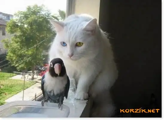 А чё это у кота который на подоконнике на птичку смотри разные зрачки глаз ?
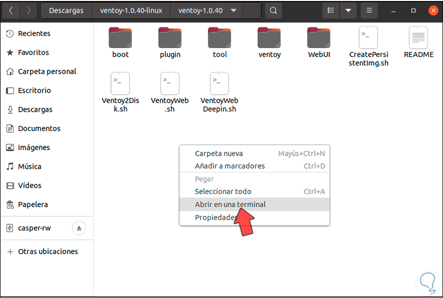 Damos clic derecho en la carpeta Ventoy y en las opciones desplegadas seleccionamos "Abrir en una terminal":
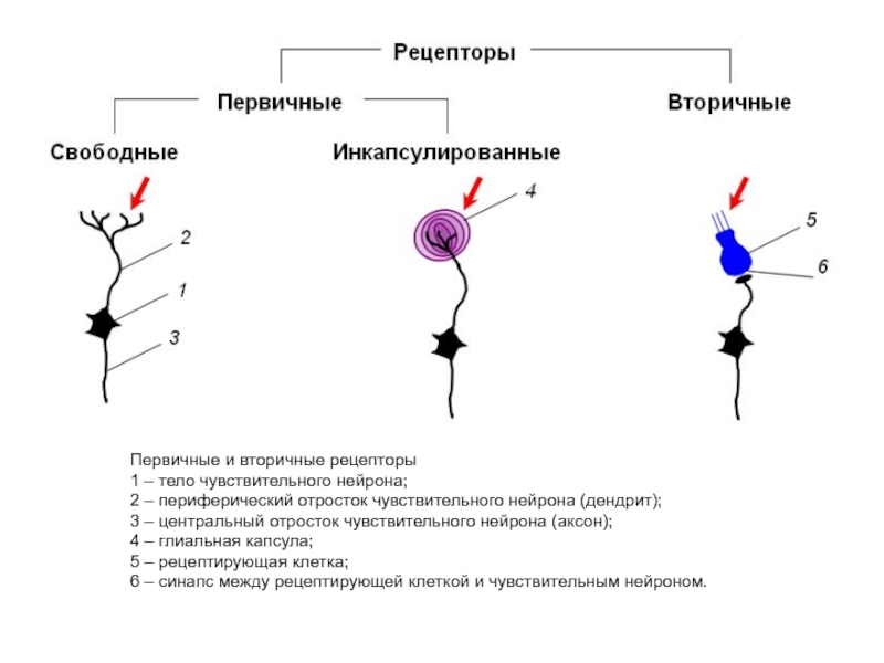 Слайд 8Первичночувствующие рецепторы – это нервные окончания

YOUR GOAL » Omit the pictures and print the listing exactly.

TASK SOLUTION »
 А чё это у кота который на подоконнике на птичку смотри разные зрачки глаз ?
 Damos clic derecho en la carpeta Ventoy y en las opciones desplegadas seleccionamos "Abrir en una terminal":
 Слайд 8Первичночувствующие рецепторы – это нервные окончания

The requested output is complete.